PerplexityBot(crawling) andPerplexity-User(user-triggered fetches) must be allowed in robots.txt. Blocking the first means you never enter the index; blocking the second means a user who explicitly asks about you gets a stale summary. - Publish facts in a machine-friendly shape. Lists, tables, explicit comparison rows, and a page whose first paragraph states what the product is and who it is for. Perplexity's citations often quote a single paragraph — write paragraphs that can survive being quoted alone.
- Stay fresh. New content and updated dates move citations between runs in a way we did not observe in the other two engines. A directory listing that was updated this month out-cites a homepage last touched two quarters ago.
ChatGPT: the answer often comes from someone else's page about you
With browsing off, ChatGPT describes your product from training data — aggregated from articles, directories, changelogs and discussions. You cannot edit the model. You can edit the corpus it learned from:
- Make sure at least one authoritative third-party page describes your product in the terms you want used. A complete directory listing does exactly this, and it is why we seed every launch on aat.ee with a plain-language description.

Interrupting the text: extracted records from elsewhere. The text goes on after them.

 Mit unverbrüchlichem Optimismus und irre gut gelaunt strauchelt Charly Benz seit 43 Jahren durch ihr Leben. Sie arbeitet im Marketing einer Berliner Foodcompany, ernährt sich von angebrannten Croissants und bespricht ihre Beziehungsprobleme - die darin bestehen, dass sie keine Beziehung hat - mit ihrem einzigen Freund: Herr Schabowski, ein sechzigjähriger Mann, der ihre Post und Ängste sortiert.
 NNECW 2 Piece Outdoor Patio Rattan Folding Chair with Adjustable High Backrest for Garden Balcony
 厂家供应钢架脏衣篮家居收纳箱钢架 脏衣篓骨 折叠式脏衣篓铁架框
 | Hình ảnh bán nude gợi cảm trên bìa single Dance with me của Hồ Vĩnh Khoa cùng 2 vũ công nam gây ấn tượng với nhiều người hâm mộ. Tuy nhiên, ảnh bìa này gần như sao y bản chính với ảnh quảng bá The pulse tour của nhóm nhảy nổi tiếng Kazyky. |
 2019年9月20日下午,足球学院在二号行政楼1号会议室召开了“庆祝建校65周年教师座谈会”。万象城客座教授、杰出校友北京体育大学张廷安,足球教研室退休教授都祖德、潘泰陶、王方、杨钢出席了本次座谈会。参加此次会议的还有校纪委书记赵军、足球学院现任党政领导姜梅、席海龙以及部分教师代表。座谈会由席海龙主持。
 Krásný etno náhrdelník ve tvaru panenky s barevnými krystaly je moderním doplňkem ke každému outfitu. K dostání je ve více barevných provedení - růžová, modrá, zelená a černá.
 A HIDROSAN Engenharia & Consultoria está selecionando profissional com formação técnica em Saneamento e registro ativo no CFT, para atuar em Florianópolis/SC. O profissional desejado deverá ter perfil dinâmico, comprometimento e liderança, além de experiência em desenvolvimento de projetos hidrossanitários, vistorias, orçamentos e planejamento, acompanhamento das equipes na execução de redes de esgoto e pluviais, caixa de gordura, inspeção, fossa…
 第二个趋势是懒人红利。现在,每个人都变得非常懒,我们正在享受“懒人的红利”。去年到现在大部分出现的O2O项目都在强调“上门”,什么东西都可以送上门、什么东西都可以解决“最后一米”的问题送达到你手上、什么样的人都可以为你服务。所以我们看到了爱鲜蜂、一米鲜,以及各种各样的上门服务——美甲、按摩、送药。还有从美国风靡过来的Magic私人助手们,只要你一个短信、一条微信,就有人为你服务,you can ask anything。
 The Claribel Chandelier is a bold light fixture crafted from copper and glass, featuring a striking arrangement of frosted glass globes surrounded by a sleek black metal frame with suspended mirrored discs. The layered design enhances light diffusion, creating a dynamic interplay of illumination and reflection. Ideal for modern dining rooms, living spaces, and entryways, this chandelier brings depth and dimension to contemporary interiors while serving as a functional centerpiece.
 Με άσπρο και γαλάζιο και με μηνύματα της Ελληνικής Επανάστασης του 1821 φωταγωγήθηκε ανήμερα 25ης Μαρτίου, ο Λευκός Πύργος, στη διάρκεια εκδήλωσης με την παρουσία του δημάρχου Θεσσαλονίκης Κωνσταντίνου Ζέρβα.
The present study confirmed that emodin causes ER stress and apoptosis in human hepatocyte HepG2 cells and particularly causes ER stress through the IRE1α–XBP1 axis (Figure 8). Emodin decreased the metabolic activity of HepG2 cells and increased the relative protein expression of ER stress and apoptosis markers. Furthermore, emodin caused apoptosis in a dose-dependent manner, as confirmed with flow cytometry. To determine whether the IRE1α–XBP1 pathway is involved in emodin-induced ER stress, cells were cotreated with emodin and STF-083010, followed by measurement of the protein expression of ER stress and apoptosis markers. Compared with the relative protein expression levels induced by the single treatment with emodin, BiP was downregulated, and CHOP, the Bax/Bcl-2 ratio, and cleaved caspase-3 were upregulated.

- Prefer phrasings that are easy to summarise: what it is, who it is for, what makes it different. Models reproduce clean claims better than clever ones.
- When browsing is on,
OAI-SearchBotneeds to be allowed — it is the fetcher behind the linked answers.
Claude: third parties do the talking
Claude names vendors sparingly and hedges visibly. When it does commit, the description almost always paraphrases a source other than your own marketing site — a review, a directory, a comparison. The optimisation is unglamorous:
- Get described accurately in enough independent places that the paraphrases agree.
- Keep those descriptions current. A renamed or repositioned product with stale third-party copy will be described as its old self for months.
- There is no Claude crawler to allow today; there is only the corpus. That makes Claude the engine where directories and structured listings carry the most weight per hour invested.
The fixes, side by side
| Lever | Perplexity | ChatGPT | Claude |
|---|---|---|---|
| robots.txt allowlisting | PerplexityBot + Perplexity-User | OAI-SearchBot (browsing) | — |
| llms.txt | Frequently fetched | Occasionally | Rarely observed |
| Fresh content | Strong effect | Weak | Weak |
| Third-party descriptions | Moderate | Strong | Strongest |
| Structured facts on-page | Strong | Moderate | Moderate |
One row deserves emphasis: third-party descriptions are the only lever that moves all three engines. It is also the lever most founders skip, because it feels passive. It should not be — a listing is a page you control that lives on someone else's authority. That is the entire premise of what we built aat.ee around.
Run the test before you buy anything
The GEO tool market is happy to sell you a score. Scores are fine, but the underlying question is simple enough to answer yourself in a week: when a buyer asks an assistant for a product like mine, am I named, am I linked, and is the description accurate?
Run the protocol. Fix the engine-specific lever that is weakest. Then run it again next month — the engines change under you more often than Google does.